Why Container building is different?

Maybe surprisingly — after reading the discussions and PEP proposals and even trying to propose some adjustment, I do agree with the assesment for command line users who manage their environment via command line pip . You should definitely avoid using root and installing your packages without virtualenv. I — for one — always use virtualenv to install my packages.

There are some great tools like pipx that even allow you to automatically create virtualenv for your applications, but also for development, the first thing I do is to create a virtualenv for my case.

But …..

Building containers is different. Why? Many of the below differences com from best practices of building containers.

1. Containers are built using non-interactive tools. Some other packaging tools already recognized it and provide two variants of their tools apt and apt-get are a good examples. The first one is really targeted for the command-line interactive users, where apt-get is a tool that should be used in automated scripts.
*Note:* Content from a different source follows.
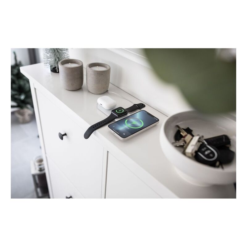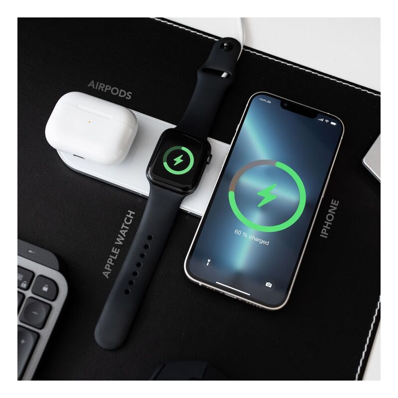 - 3IN1 CHARGING STATION With Aura Home, you can charge up to three devices at the same time. The areas on the left and right allow you to charge fast with up to 15 watts. The charging socket in the middle charges your Apple Watch with 5 watts.

This is a recommended approach to use apt-get for building containers:

The `apt` command is meant to be pleasant for end users and does not need
to be backward compatible like apt-get(8).

The pip serves both cases. Limiting pip to only serve “interactive” users without providing non-interactive users is heavily limiting the audience of pip and the use cases it serves.

2. Containers are mostly meant to be immutable. The best practice is to build containers to be ‘ephemeral’ — in the sense that they should be created and destroyed at will whenever needed. And it means that the image should provide everything needed to start a container. Once you create the containers you are not supposed to install any more packages. You build a series of instruction in a Dockerfile for example and they prepare your environment. Then you do not install packages on “global” level any more. This means that the “Container developer” can build the ritght set of instructions without inducing the “subtle bugs”. The “subtle bugs” are only happening when you mix “distro packages” and “pip packages” and usually when you build containers, the author of the containers choses the right approach to either use this or that — but never mixes them.

3. Containers are supposed to be executable by multiple, arbitrary users. Unlike “command line” virtualenv (which belongs to single user). Containers are often executed with arbitrary (seemingly random) user id — this was introduced by OpenShift and became a de-facto standard for running containers and maintaining isolation and security between different containers. Virtualenv are meant to be “single-user” only — they are not relocatable, they do not provide the guarantees that mutliple different users will be able to use same virtualenv. Installing packages in “global” space by root user is a way to make sure that python apps installed will behave the same way for arbitrary users.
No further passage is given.